SUPPLIED DATA:

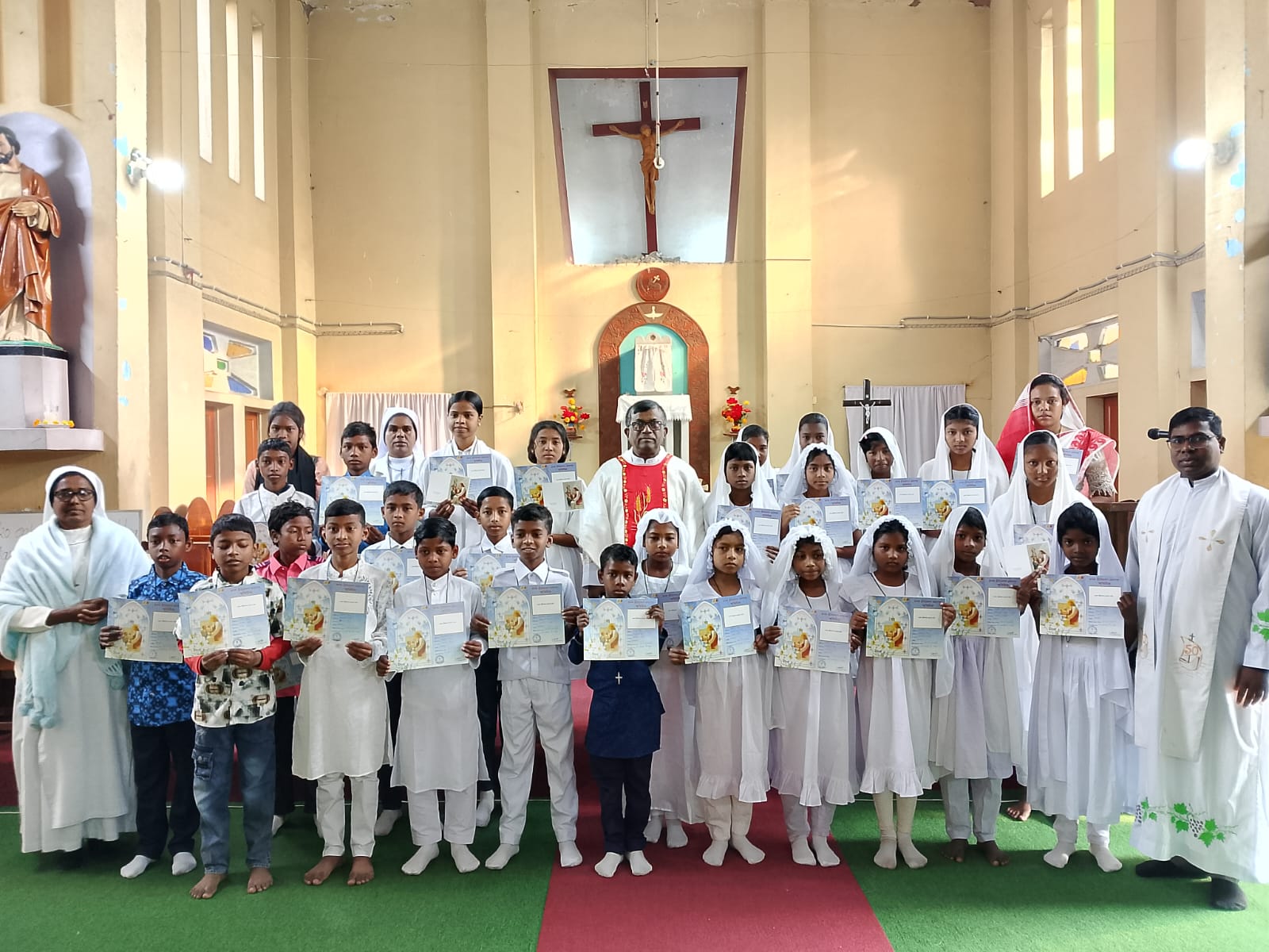 খ্রিস্টযাগের পর প্রথম খ্রিস্টপ্রসাদ গ্রহণকারীদের সার্টিফিকেট প্রদান করা হয়।
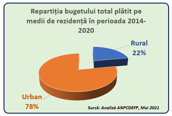 În ceea ce privește repartiția fondurilor alocate pe medii de rezidență, analiza a luat în considerare proiectele aprobate în domeniul Educației Școlare, Educației și Formării Profesionale și Educației Adulților deoarece acestea au fost domeniile vizate în 2014, când ANPCDEFP și-a stabilit prin programul de lucru o tință de 15% pentru procentul personalului din instituțiile care își desfășoară activitatea în mediul rural și care au implementat proiecte de mobilități de învățare. Mai mult decât atât, în 2020, ANPCDEFP a stabilit și o țintă specifică pentru domeniul Educație Școlară, respectiv cel puțin 22% instituții din mediul rural (cei doi indicatori fac referință la personalul beneficiar de mobilități, însă acesta e asociat cu instituția de trimitere și cu mediul de rezidență al acesteia atunci când se calculează gradul de absorbție pentru mediul rural.).
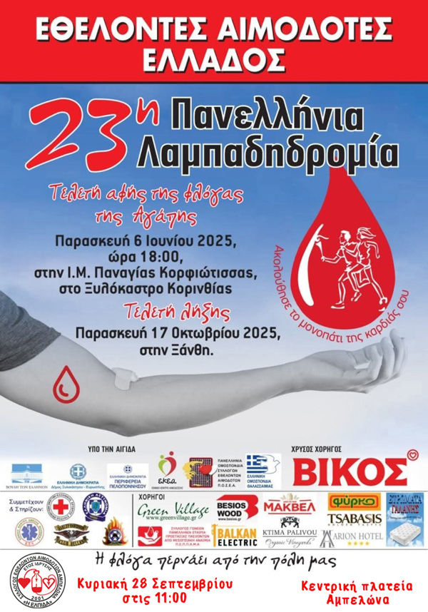 Τέλος, καλούνται οι μαθητές των σχολείων, οι πρόσκοποι και οι αθλητές των Συλλόγων και όποιος άλλος θέλει και μπορεί να γίνει Εθελοντής Λαμπαδηδρόμος, να περάσει νωρίτερα από την Κεντρική πλατεία, όπου θα πραγματοποιείται η 113η Αιμοδοσία μας να παραλάβει το ειδικό μπλουζάκι και τη δάδα της Λαμπαδηδρομίας για να πάρει μέρος στην 23η Πανελλήνια Λαμπαδηδρομία αιμοδοσίας και να μεταφέρει τη Φλόγα της Αγάπης, της Ελπίδας και της Ζωής από την είσοδο του Αμπελώνα μέχρι την Κεντρική πλατεία.
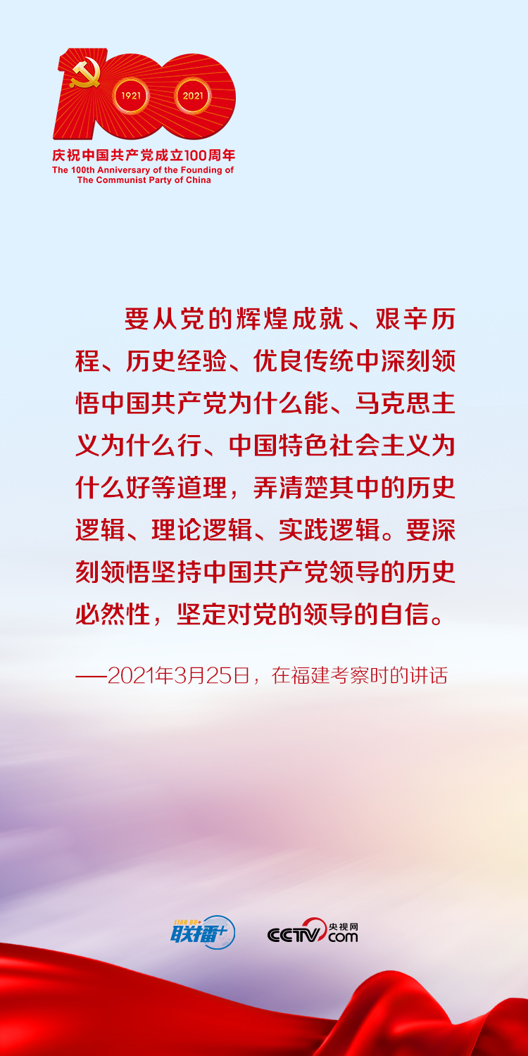 今年是中國共產(chǎn)黨成立100周年。央視網(wǎng)《聯(lián)播+》特梳理總書記關(guān)于知史愛黨的重要論述,與您一起堅(jiān)定理想信念,不斷增強(qiáng)守初心、擔(dān)使命的思想自覺和行動(dòng)自覺。
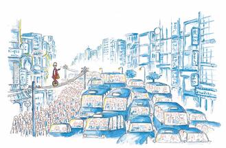 《在這個(gè)世界里的自我角落》,畫的是一名在電線桿上騎車的人,就算行為怪異也有屬于自己的生活方式 。這幅畫作在臺(tái)北完成。
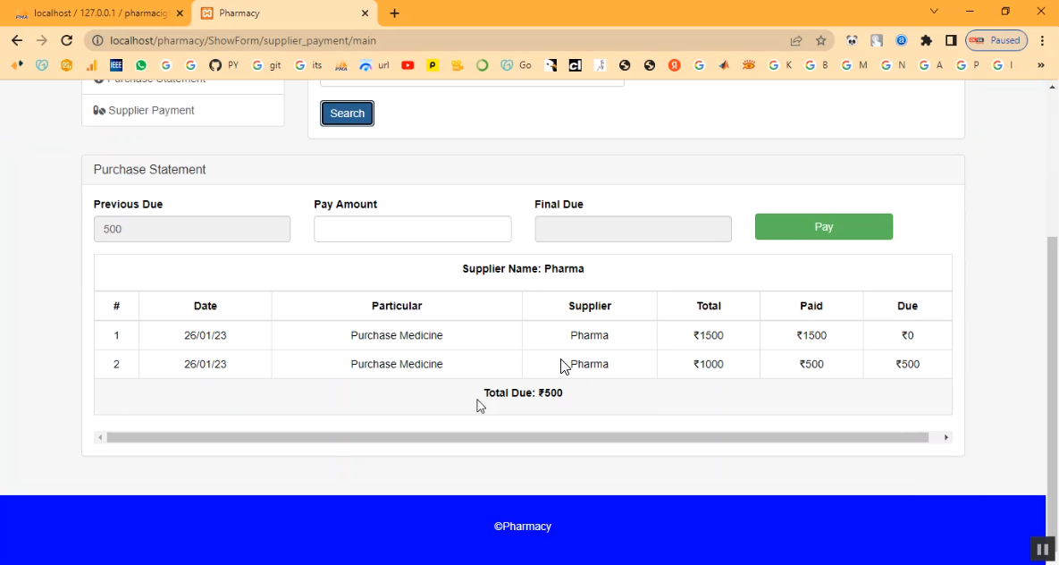 The proposed Pharmacy Information System automates all pharmacy operations using PHP and MySQL. Administrators can add and manage medicine details, including batch numbers, expiry dates, stock quantities, and prices. The system also manages suppliers, purchase orders, and sales transactions. Customers can submit prescriptions (if applicable), order medicines online, and pay securely. The system automatically updates inventory after each transaction and generates reports on stock levels, sales trends, and supplier performance. By offering a centralized, secure, and user-friendly platform, the system reduces manual effort, increases accuracy, and enhances transparency for both pharmacists and customers.
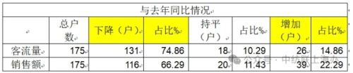 2,從銷售情況來看,受訪的商家反饋的經(jīng)營狀態(tài)與客流情況基本一致。有63.71%的商家反饋今年的銷售與去年同比是下降的。僅有20.46%的商家反饋銷售同比有所增加。
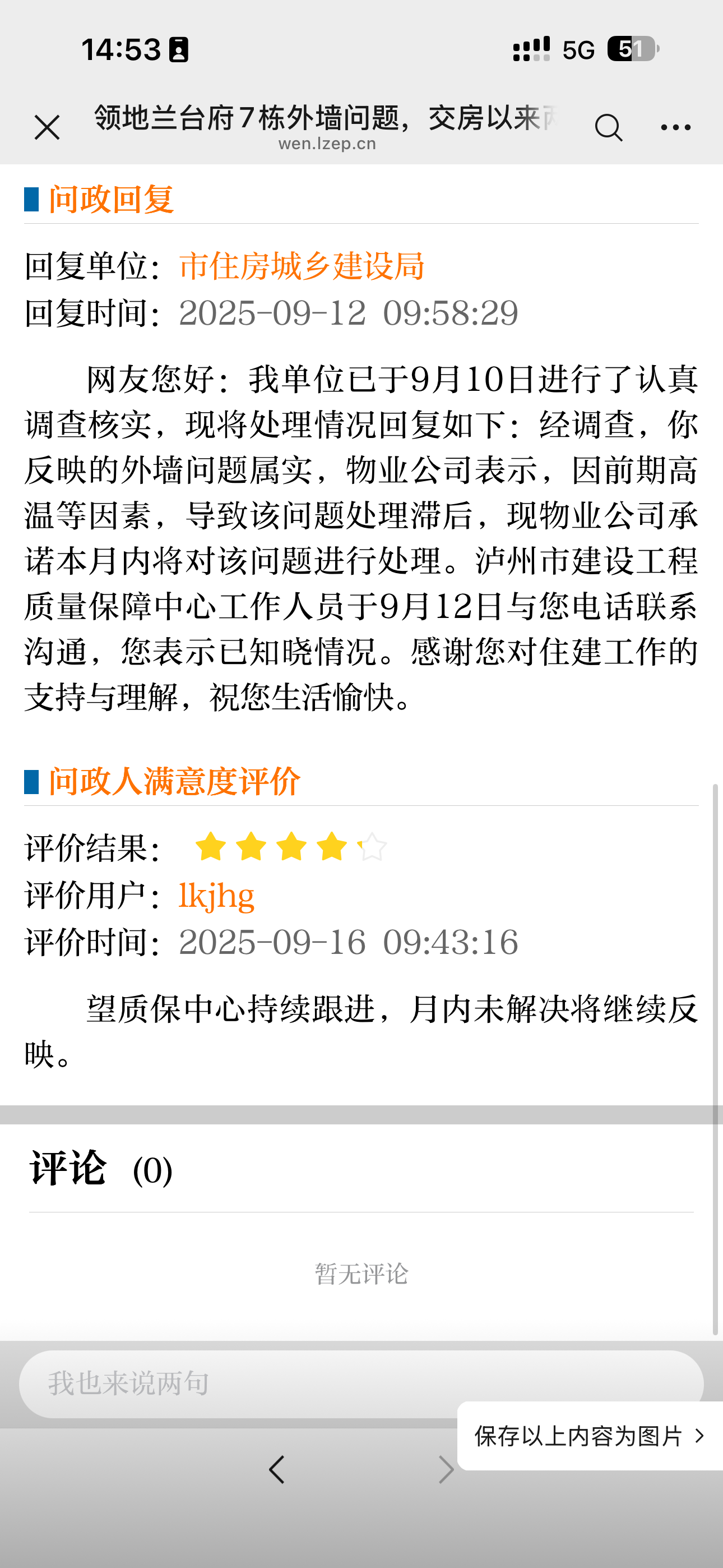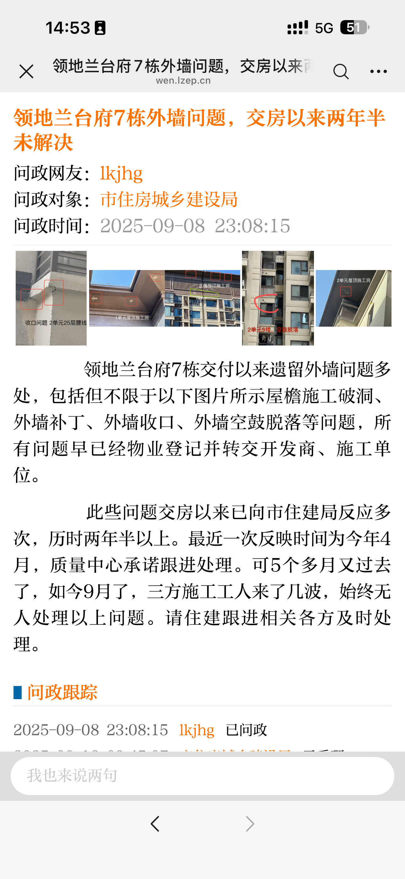 领地兰台府7号楼外墙问题,再次无故拖延未解决

ASSIGNED TASK:
Print, exactly and with no pictures, the lines of the listing above starting at the one that has "Τέλος, καλούνται οι" and ending at the one that has "2,從銷售情況來看,受訪的商", both included.

EXERCISE OUTPUT:
 Τέλος, καλούνται οι μαθητές των σχολείων, οι πρόσκοποι και οι αθλητές των Συλλόγων και όποιος άλλος θέλει και μπορεί να γίνει Εθελοντής Λαμπαδηδρόμος, να περάσει νωρίτερα από την Κεντρική πλατεία, όπου θα πραγματοποιείται η 113η Αιμοδοσία μας να παραλάβει το ειδικό μπλουζάκι και τη δάδα της Λαμπαδηδρομίας για να πάρει μέρος στην 23η Πανελλήνια Λαμπαδηδρομία αιμοδοσίας και να μεταφέρει τη Φλόγα της Αγάπης, της Ελπίδας και της Ζωής από την είσοδο του Αμπελώνα μέχρι την Κεντρική πλατεία.
 今年是中國共產(chǎn)黨成立100周年。央視網(wǎng)《聯(lián)播+》特梳理總書記關(guān)于知史愛黨的重要論述,與您一起堅(jiān)定理想信念,不斷增強(qiáng)守初心、擔(dān)使命的思想自覺和行動(dòng)自覺。
 《在這個(gè)世界里的自我角落》,畫的是一名在電線桿上騎車的人,就算行為怪異也有屬于自己的生活方式 。這幅畫作在臺(tái)北完成。
 The proposed Pharmacy Information System automates all pharmacy operations using PHP and MySQL. Administrators can add and manage medicine details, including batch numbers, expiry dates, stock quantities, and prices. The system also manages suppliers, purchase orders, and sales transactions. Customers can submit prescriptions (if applicable), order medicines online, and pay securely. The system automatically updates inventory after each transaction and generates reports on stock levels, sales trends, and supplier performance. By offering a centralized, secure, and user-friendly platform, the system reduces manual effort, increases accuracy, and enhances transparency for both pharmacists and customers.
 2,從銷售情況來看,受訪的商家反饋的經(jīng)營狀態(tài)與客流情況基本一致。有63.71%的商家反饋今年的銷售與去年同比是下降的。僅有20.46%的商家反饋銷售同比有所增加。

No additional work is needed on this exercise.